▶ **Work to be completed**
Starting with the line that holds "1 講話・協議「子どもの学びをつなげる」※教職20年目研修(小・中)と合同 2", reproduce each line through the last one of the data, exactly as written. Pictures are not copied.

▶ **Recorded data**

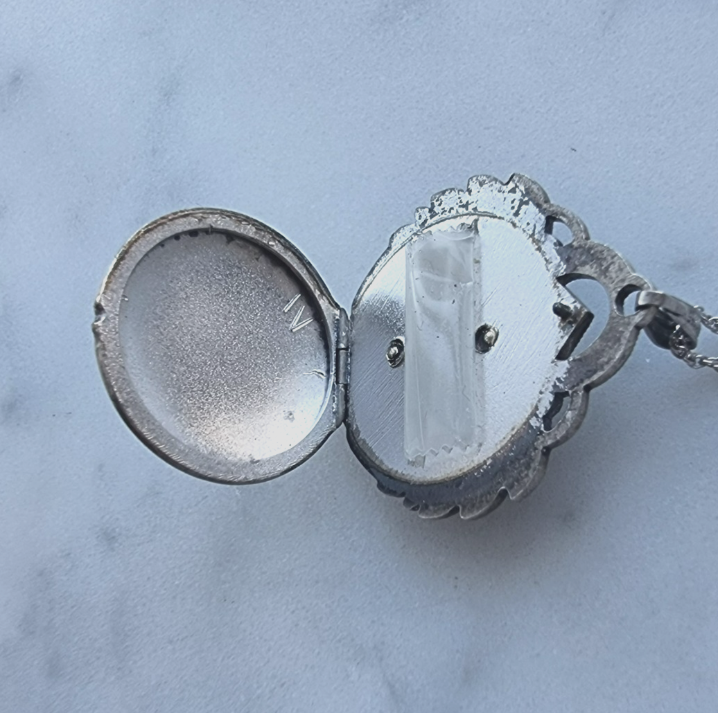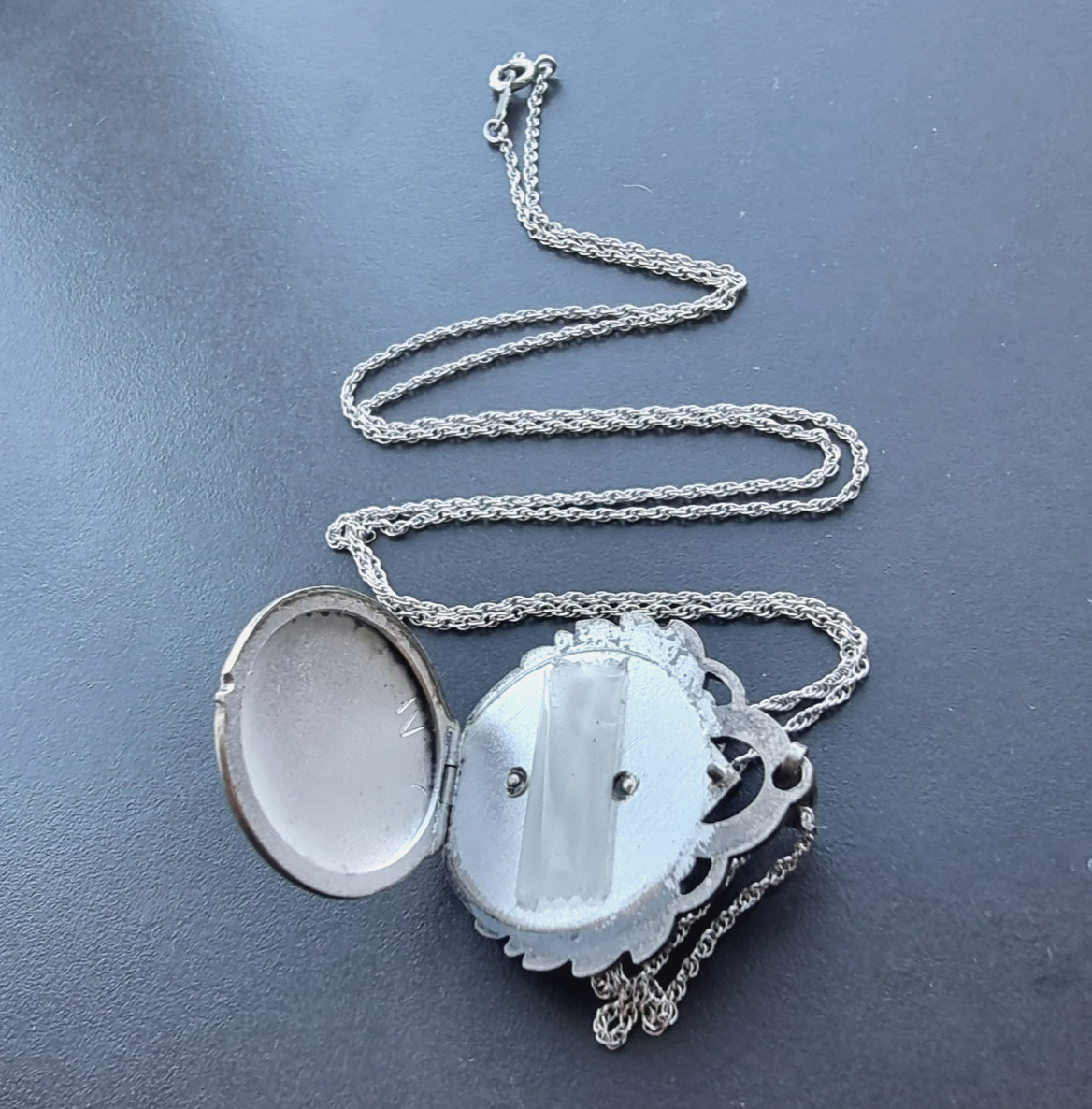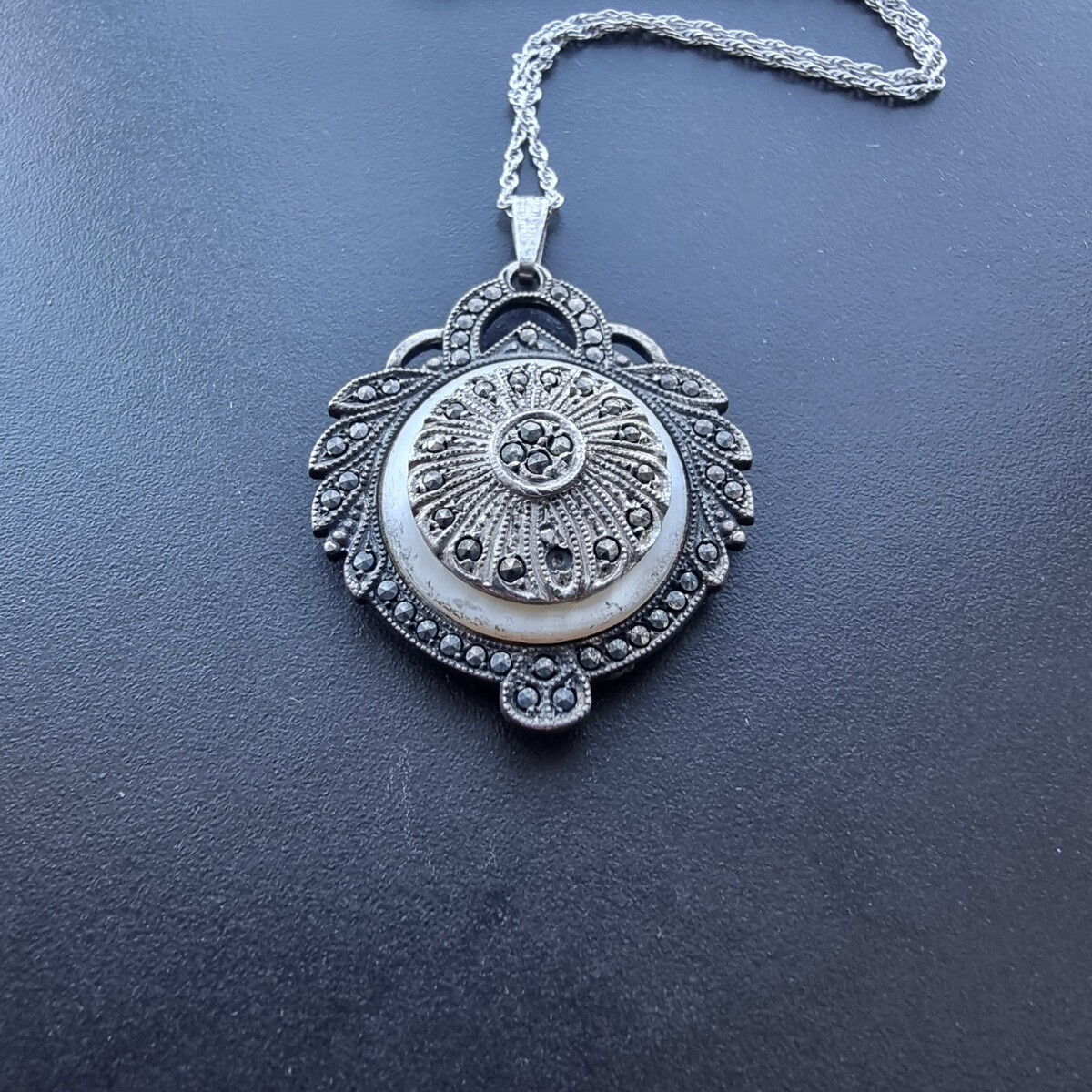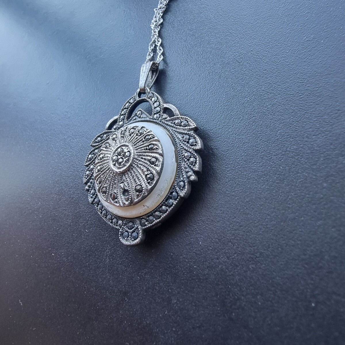 VINTAGE 925 STERLING SILVER MOTHER OF PEARL AND MARCASITE LOCKET NECKLACE 24"
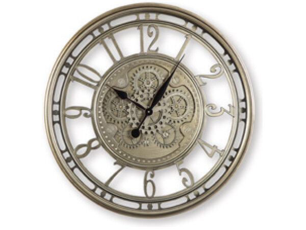 | Series Features | Black and gold finished metal wall clock with moving gears. Clear glass face. Roman numerals. Keyhole bracket for hanging. Operates with 3 AA batteries (batteries not included). |
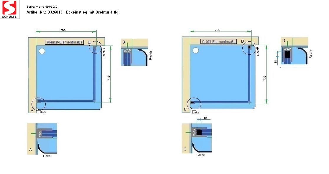 - Modell Eckeinstieg mit Drehtür 4-tlg.
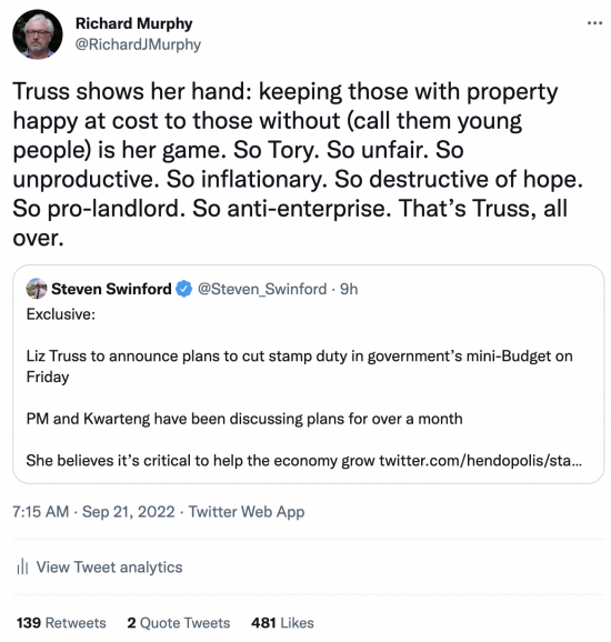 Note my comments. There is not a lot more to add. Except to note that this is another tax giveaway to those already rich at cost to those who are not. How very Liz Truss.
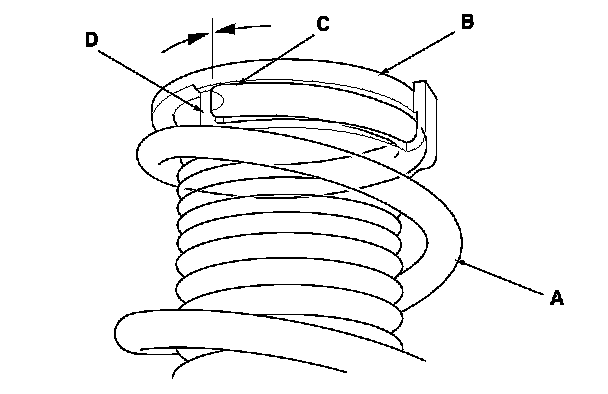 1. Install the damper spring (A) on the upper spring mounting cushion (B) by aligning the upper end (C) of the damper spring with the ledge portion (D) of the upper spring mounting cushion.
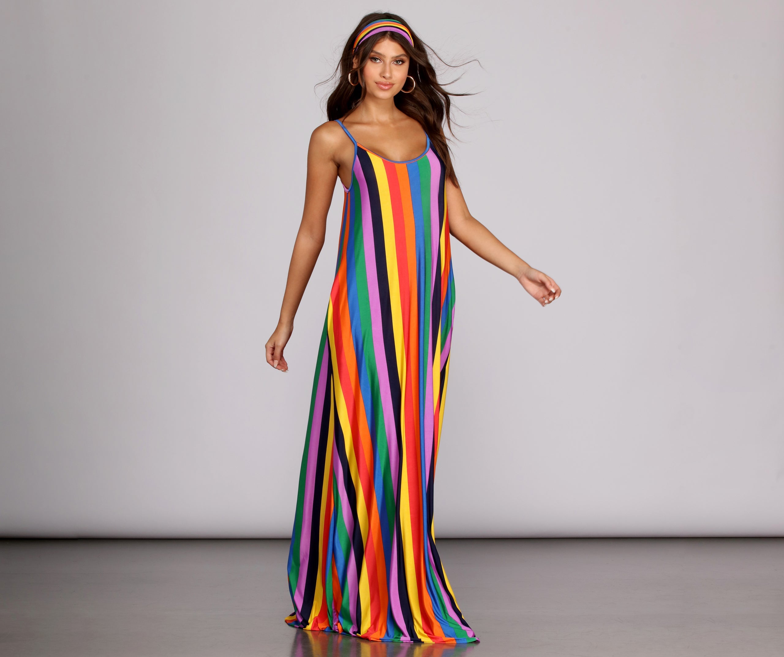 You love color. so embrace the rainbow! All eyes will be on you in this vibrantly chic maxi dress. which features a multi-hued stripe pattern. spaghetti straps. scoop neck. pockets at either hip. and plenty of stretch. Don't forget to pair it with the matching head wrap!Â
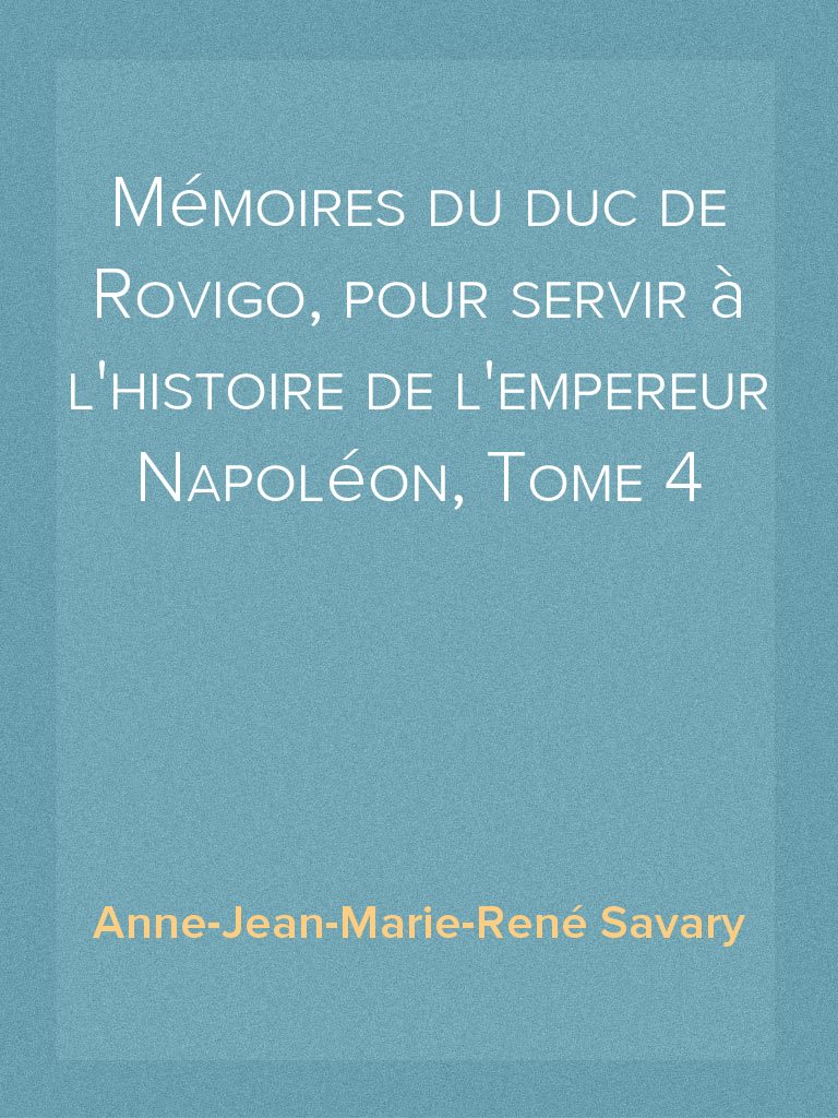 Mémoires du duc de Rovigo, pour servir à l'histoire de l'empereur Napoléon, Tome 4 sera disponible le
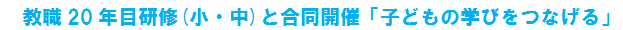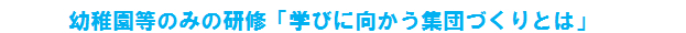1 講話・協議「子どもの学びをつなげる」※教職20年目研修(小・中)と合同 2 演習「幼小連携の視点からの教育課程の工夫・改善」 3 講話・演習「学びに向かう集団づくりとは」 |
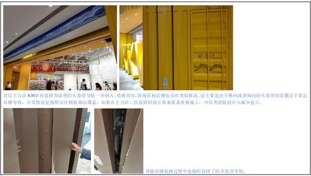 8.首层主力店KIKV的装修界面将防火卷帘导轨一并纳入,效果尚可,商场其他店铺也存在类似情况。这主要是由于横向或者纵向防火卷帘的设置过于靠近店铺导致,正常情况是按照公区精装做法覆盖,如果在主力店二次装修时设计效果要求重新施工,可以考虑提前介入减少返工。

▶ **Answer to this problem**
1 講話・協議「子どもの学びをつなげる」※教職20年目研修(小・中)と合同 2 演習「幼小連携の視点からの教育課程の工夫・改善」 3 講話・演習「学びに向かう集団づくりとは」 |
 8.首层主力店KIKV的装修界面将防火卷帘导轨一并纳入,效果尚可,商场其他店铺也存在类似情况。这主要是由于横向或者纵向防火卷帘的设置过于靠近店铺导致,正常情况是按照公区精装做法覆盖,如果在主力店二次装修时设计效果要求重新施工,可以考虑提前介入减少返工。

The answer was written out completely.